§ WORK TO BE COMPLETED: The records below are to be reproduced exactly, with every picture left out.

BEGIN DATA IN THIS EXERCISE

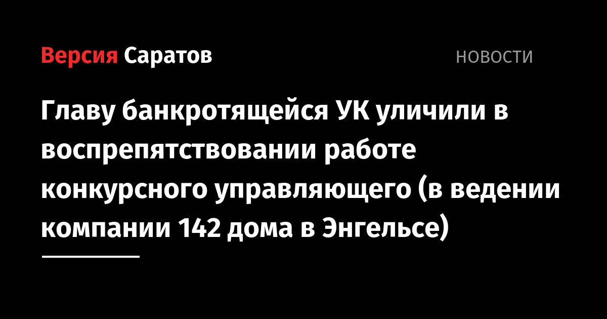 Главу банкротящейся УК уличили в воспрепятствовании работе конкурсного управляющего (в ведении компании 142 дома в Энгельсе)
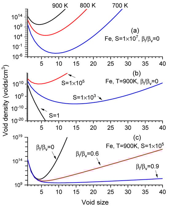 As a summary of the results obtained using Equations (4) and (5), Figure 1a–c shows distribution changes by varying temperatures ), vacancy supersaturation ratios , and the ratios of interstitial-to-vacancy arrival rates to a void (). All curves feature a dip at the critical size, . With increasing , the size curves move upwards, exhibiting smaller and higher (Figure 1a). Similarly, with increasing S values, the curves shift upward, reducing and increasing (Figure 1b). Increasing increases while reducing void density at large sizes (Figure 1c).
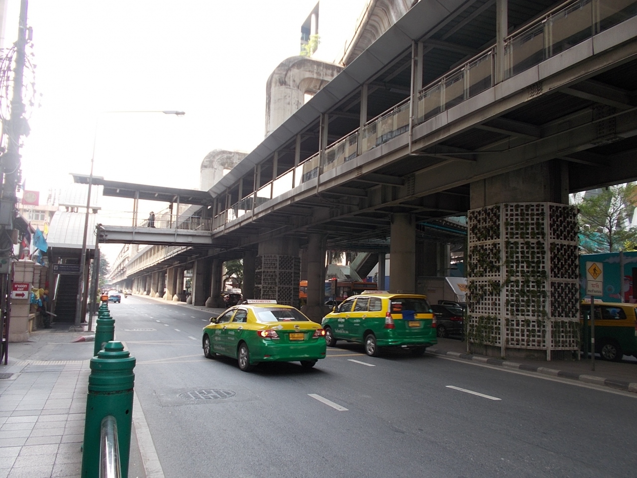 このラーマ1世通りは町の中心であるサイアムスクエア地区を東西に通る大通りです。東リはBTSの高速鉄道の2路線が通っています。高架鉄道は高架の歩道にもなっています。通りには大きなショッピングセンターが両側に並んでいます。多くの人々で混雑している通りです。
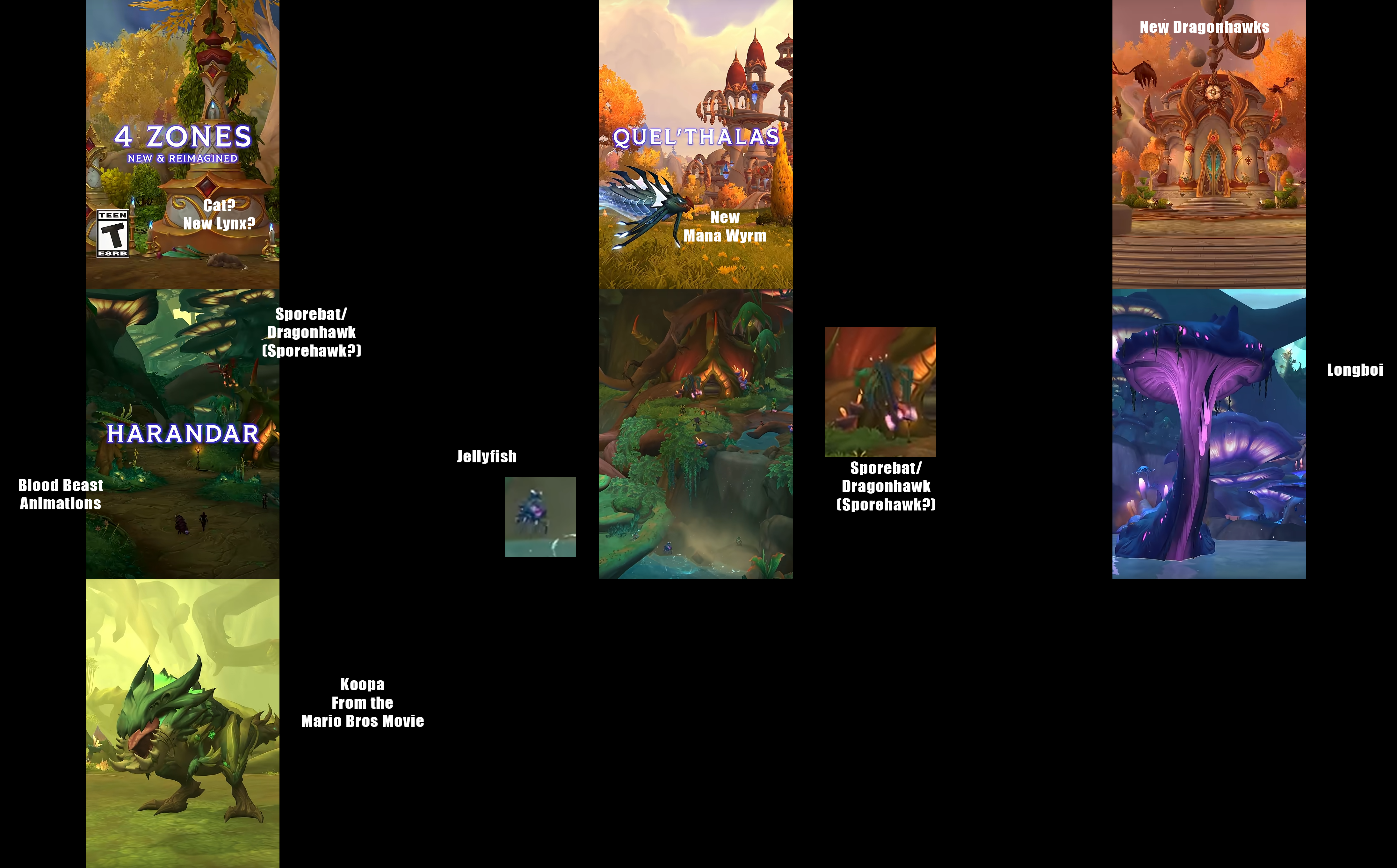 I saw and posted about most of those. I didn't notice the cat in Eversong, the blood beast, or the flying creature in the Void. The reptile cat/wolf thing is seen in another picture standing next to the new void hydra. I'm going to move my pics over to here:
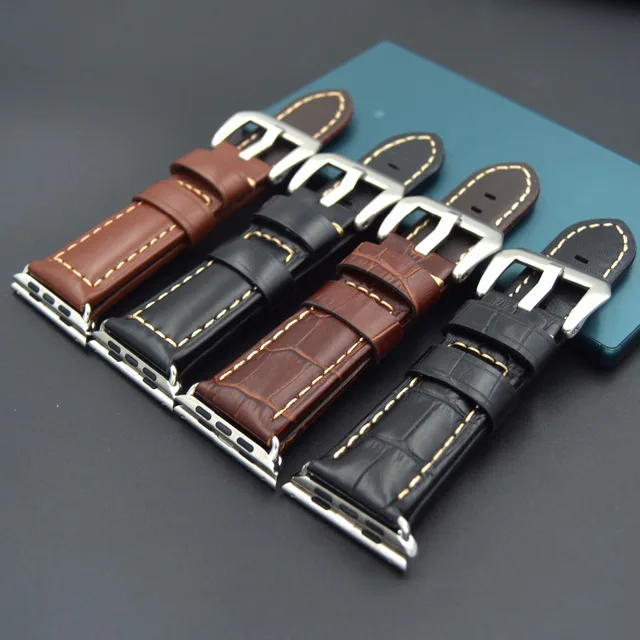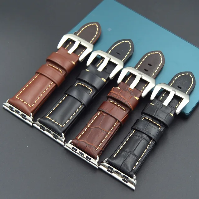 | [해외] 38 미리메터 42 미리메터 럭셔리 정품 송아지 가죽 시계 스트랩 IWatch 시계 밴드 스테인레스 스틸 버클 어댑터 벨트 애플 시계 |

END DATA IN THIS EXERCISE

§ RESULT OF THIS EXERCISE:
 Главу банкротящейся УК уличили в воспрепятствовании работе конкурсного управляющего (в ведении компании 142 дома в Энгельсе)
 As a summary of the results obtained using Equations (4) and (5), Figure 1a–c shows distribution changes by varying temperatures ), vacancy supersaturation ratios , and the ratios of interstitial-to-vacancy arrival rates to a void (). All curves feature a dip at the critical size, . With increasing , the size curves move upwards, exhibiting smaller and higher (Figure 1a). Similarly, with increasing S values, the curves shift upward, reducing and increasing (Figure 1b). Increasing increases while reducing void density at large sizes (Figure 1c).
 このラーマ1世通りは町の中心であるサイアムスクエア地区を東西に通る大通りです。東リはBTSの高速鉄道の2路線が通っています。高架鉄道は高架の歩道にもなっています。通りには大きなショッピングセンターが両側に並んでいます。多くの人々で混雑している通りです。
 I saw and posted about most of those. I didn't notice the cat in Eversong, the blood beast, or the flying creature in the Void. The reptile cat/wolf thing is seen in another picture standing next to the new void hydra. I'm going to move my pics over to here:
 | [해외] 38 미리메터 42 미리메터 럭셔리 정품 송아지 가죽 시계 스트랩 IWatch 시계 밴드 스테인레스 스틸 버클 어댑터 벨트 애플 시계 |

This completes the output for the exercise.